As educators, we find ourselves at a unique juncture – one where technological innovation and the quest for human identity converge. Within this context, understanding the intersection of human beingness and generative AI's presence holds significant implications for how we guide our students towards a meaningful future.
Thomas Chamorro-Premuzic describes the human needs that are driving the pervasive integration of AI into our lives.
The foundations of our hyper-connected world are largely the same universal needs that have always underpinned the main grammar of human life. These three basic needs can help us understand the main motives for using Al in everyday life.

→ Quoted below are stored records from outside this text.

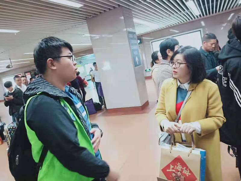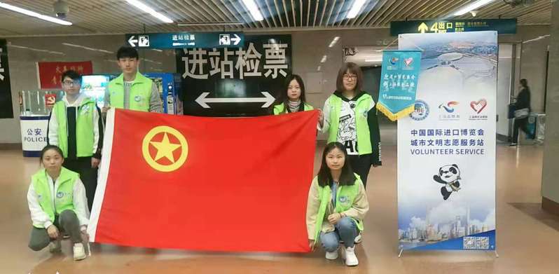 我院还在上海火车站地铁站开展了“宣进博服务大众”的志愿者活动。由于活动地点不在学校周边,志愿者们戴着进口博览会的徽章,背着所需物资,早早地到达了上海火车站的地铁口,并在各个出口处安排好人员,设置了易拉宝,向前来询问的人作活动介绍,同时分发进博会的宣传册,进一步配合进博会的举办,进一步彰显了“奉献、有爱、互助、进步”的志愿精神。
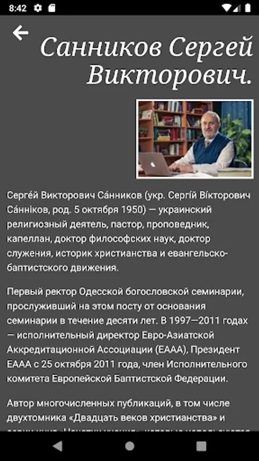 The author is reading - a teacher of the history of Christianity, Dr. S.V. Sannikov.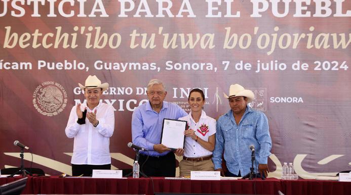 En el evento, la presidenta electa firmó junto a López Obrador un decreto para restituir 12 mil 978 hectáreas al territorio indígena Yaqui para sumar 45 mil hectáreas restituidas por el Estado.

First, Al fulfills our relatedness need, that is, the desire to connect and get along with others, widening and deepening our relationships and staying in touch with friends... One of the consequences of being a hyper-social and group-oriented species is an obsession with understanding or at least trying to interpret what people do and why. Whether we realize it or not, this obsession has fueled the vast application of Al to social networking platforms.

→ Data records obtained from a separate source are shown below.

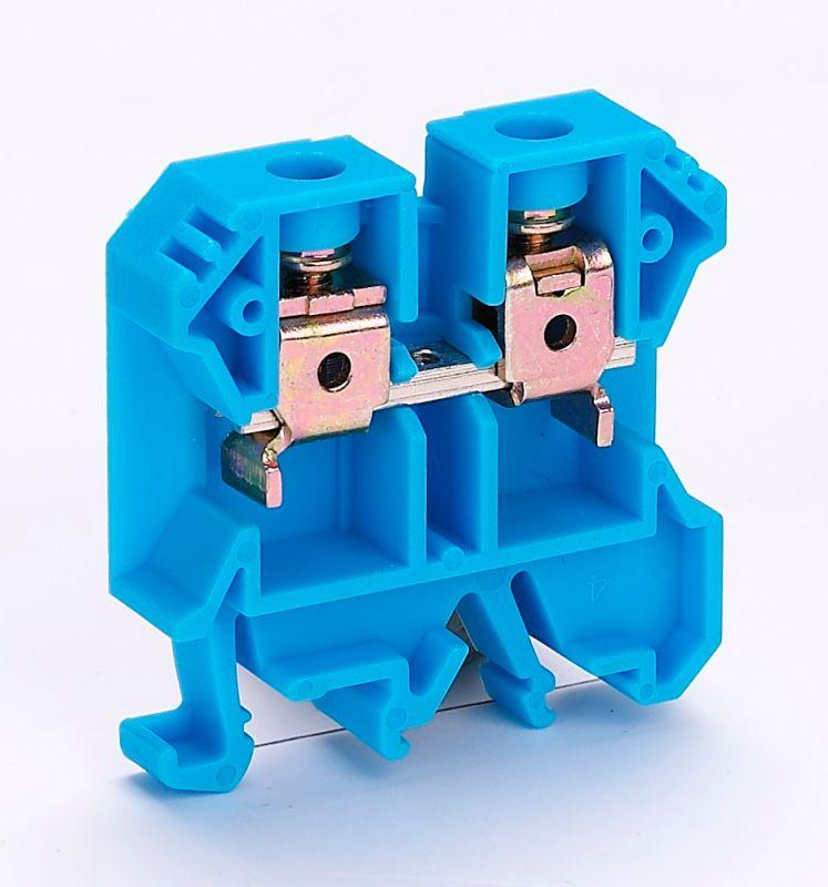 Зажим наборный серии ЗН-101 Dekraft ; номинальный ток — 100 А; сечение проводов от 1 до 16 кв.мм; цвет and ndash; синий; материал корпуса — полиамид; материал клемм и винтов and ndash; латунь; монтаж — защелкиванием на DIN-рейку; количество в упаковке and ndash; 50 шт. Клемма выполнена таким образом, что обеспечивает двойной обжим проводника. Это обеспечивается в том числе и за счет насечек на клеммах. Зажимы наборные синего цвета применяются для присоединения нулевого рабочего проводника.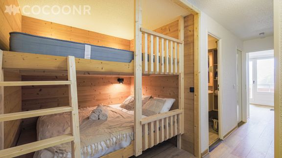 - Un espace nuit avec un lit superposé avec 2 lits queen-size (160×200)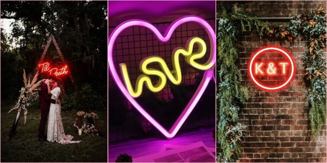 Хотите добавить свадьбе яркости? Тогда используйте неоновые вывески, на которых может быть написана дата Вашей свадьбы, инициалы, хештеги, имена и многое другое, что только позволит фантазия.
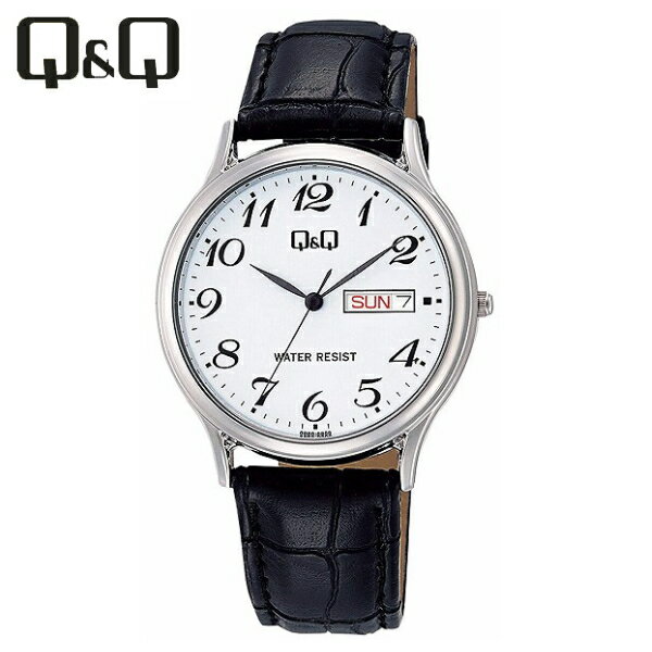 【全国送料無料/代引き不可】[シチズン キューアンドキュー]CITIZEN Q&Q 腕時計 スタンダード アナログ 革ベルト 日付 曜日 表示 ホワイト A204-304 メンズ ★チープシチズン チープカシオ 最安値

Second, AI can be seen as an attempt to boost our productivity and efficiency, and improve our living standards... To be sure, we can (and should) examine whether this has been accomplished or not, but the intention is always there...
Third, Al is also deployed to find meaning, translating information into insights, helping us to make sense of an otherwise ambiguous and complex world. For better or worse, most of the facts, opinions, and knowledge we access today been curated, organized, and filtered by AI, which is why Al can be equally powerful for informing or misinforming us.
Beyond these universal needs, how do we define and maintain the uniqueness of human life and continue to express our humanity?
Brian Christian was already asking these questions in 2011 in his book The Most Human Human: What Artificial Intelligence Teaches Us About Being Alive.
Is it appropriate to allow our definition of our own uniqueness to be, in some sense, reactionary to the advancing front of technology? And why is it that we are so compelled to feel unique in the first place?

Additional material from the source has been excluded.